Coronavirus county school closures

The US state actions data from NGA was readily available in an easy-to-digest format. School closures are an important measure of economic impact during this unprecedented time, and while the NGA data has school closure information by state, we also wanted to track this information at a more granular level. We decided school closure data by county could add more value than just closures by state. Some schools closed before the state shut down, and some after. This was an interesting natural experiment that we wanted to document.

When I first started to research, I could not find a pre-cooked dataset with all county school closure information. It would take me too long to search for school closures for all 3,142 counties and county equivalents on my own, so I decided to utilize some DoltHub tools, like pull requests, to assist with team collaboration and data review.

What are pull requests?

For those less familiar with Git and GitHub, this is the definition of a pull request (PR) on GitHub:

Pull requests let you tell others about changes you've pushed to a branch in a repository on GitHub. Once a pull request is opened, you can discuss and review the potential changes with collaborators and add follow-up commits before your changes are merged into the base branch.

Dolt and DoltHub are Git and GitHub for data. In terms of data, a pull request is a way of notifying team members of a change in the data and/or schema. The team has the ability to review these changes and approve or reject them before they get merged into the master branch.

If I wanted to add some data to the county_state_closures table, an example of a simple workflow would look like this:

  1. I clone the Coronavirus state actions dataset
$ dolt clone dolthub/corona-virus-state-action
  1. I create a dedicated branch in my local Dolt repo and add some data to county_school_closures
$ dolt checkout -b taylor/add-CA-counties
$ dolt table import -r county_school_closures all-ca-school-closures.csv
$ dolt add county_school_closures
$ dolt commit -m "Add school closures for all CA counties"
  1. I push the branch to the remote repo on DoltHub
$ dolt push origin taylor/add-CA-counties
  1. I open a pull request with my new branch Creating a PR

  2. Team member Tim reviews the data, discusses it, and recommends changes

  3. Tim is eventually satisfied with changes after an iteration or two Tim PR comment

  4. I merge my branch into the master branch (web merge coming soon!)

$ dolt checkout master
$ dolt merge taylor/add-CA-counties

# If there are conflicts:
$ dolt conflicts cat .
$ dolt conflicts resolve --help

$ dolt push origin master

Team data collaboration using pull requests

When I started looking for a single source with school closure data by county, I came up dry. This was both exciting and disappointing, as we could be the first to provide this novel information, but finding current data from outdated school websites is difficult and time-consuming.

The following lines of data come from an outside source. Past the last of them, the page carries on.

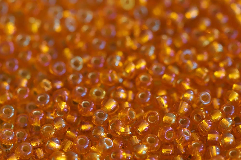 Preciosa Rocailles 10/0 Transparent Light Orange Silver Lined Rainbow col.87069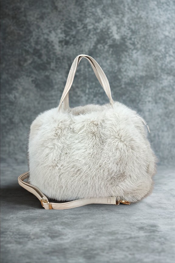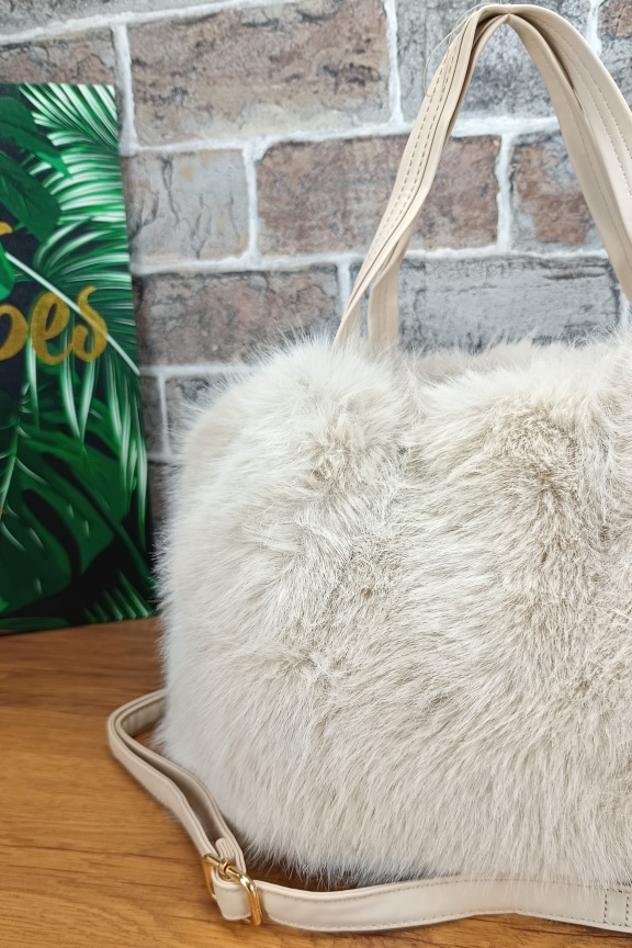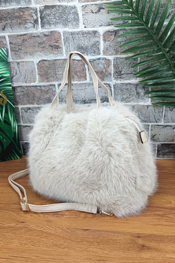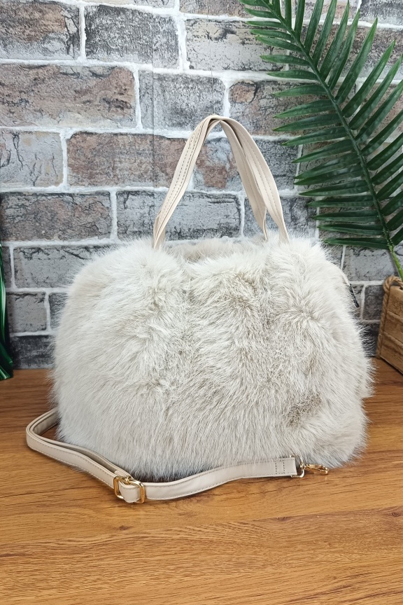 Τσάντα χιαστί γούνα ‘Siberia’ Εκρού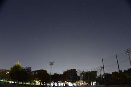 運動場から西に向けて写真を撮ったら、明るい星が3つ、目につきました。

As a proof-of-concept, I used California as an example to find school closure dates for all CA counties. It took about 3 hours to go through county office of education websites and social media for all 58 California counties. This felt like a reasonable amount of time for one state, but spending 150 hours extracting data for all states is a different story.

I decided to recruit our brilliant 11-person team to help me out. I gave them two days to complete some homework: open a PR with all county school closures for one state.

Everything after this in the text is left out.